[About this exercise]: Reproduce exactly the lines below, from the first one through the line containing "Begane grond: De", and omit any pictures.

(Stored data entries)
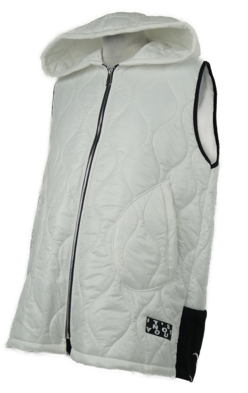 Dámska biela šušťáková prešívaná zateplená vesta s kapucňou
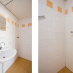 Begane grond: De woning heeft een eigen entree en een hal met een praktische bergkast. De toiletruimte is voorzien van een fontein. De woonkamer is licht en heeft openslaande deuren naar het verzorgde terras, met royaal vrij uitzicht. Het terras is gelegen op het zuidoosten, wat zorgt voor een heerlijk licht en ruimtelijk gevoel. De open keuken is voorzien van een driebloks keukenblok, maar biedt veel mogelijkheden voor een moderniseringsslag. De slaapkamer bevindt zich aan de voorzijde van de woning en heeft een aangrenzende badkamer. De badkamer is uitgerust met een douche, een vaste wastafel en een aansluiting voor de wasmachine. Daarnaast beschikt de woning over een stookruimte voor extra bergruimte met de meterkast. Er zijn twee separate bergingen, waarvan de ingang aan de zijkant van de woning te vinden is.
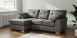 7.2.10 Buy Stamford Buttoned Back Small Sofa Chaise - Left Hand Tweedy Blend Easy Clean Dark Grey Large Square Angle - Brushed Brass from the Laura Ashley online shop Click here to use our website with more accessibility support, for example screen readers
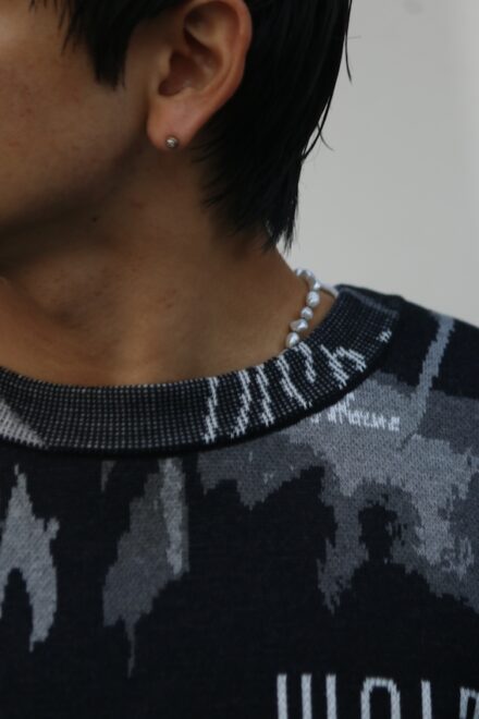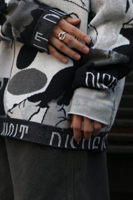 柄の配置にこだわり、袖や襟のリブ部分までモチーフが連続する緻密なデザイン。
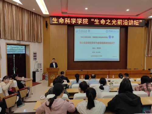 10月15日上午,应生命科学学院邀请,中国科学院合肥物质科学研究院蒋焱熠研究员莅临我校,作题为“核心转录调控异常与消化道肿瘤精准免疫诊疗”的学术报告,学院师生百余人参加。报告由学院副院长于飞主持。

[Answer for this exercise]:
 Dámska biela šušťáková prešívaná zateplená vesta s kapucňou
 Begane grond: De woning heeft een eigen entree en een hal met een praktische bergkast. De toiletruimte is voorzien van een fontein. De woonkamer is licht en heeft openslaande deuren naar het verzorgde terras, met royaal vrij uitzicht. Het terras is gelegen op het zuidoosten, wat zorgt voor een heerlijk licht en ruimtelijk gevoel. De open keuken is voorzien van een driebloks keukenblok, maar biedt veel mogelijkheden voor een moderniseringsslag. De slaapkamer bevindt zich aan de voorzijde van de woning en heeft een aangrenzende badkamer. De badkamer is uitgerust met een douche, een vaste wastafel en een aansluiting voor de wasmachine. Daarnaast beschikt de woning over een stookruimte voor extra bergruimte met de meterkast. Er zijn twee separate bergingen, waarvan de ingang aan de zijkant van de woning te vinden is.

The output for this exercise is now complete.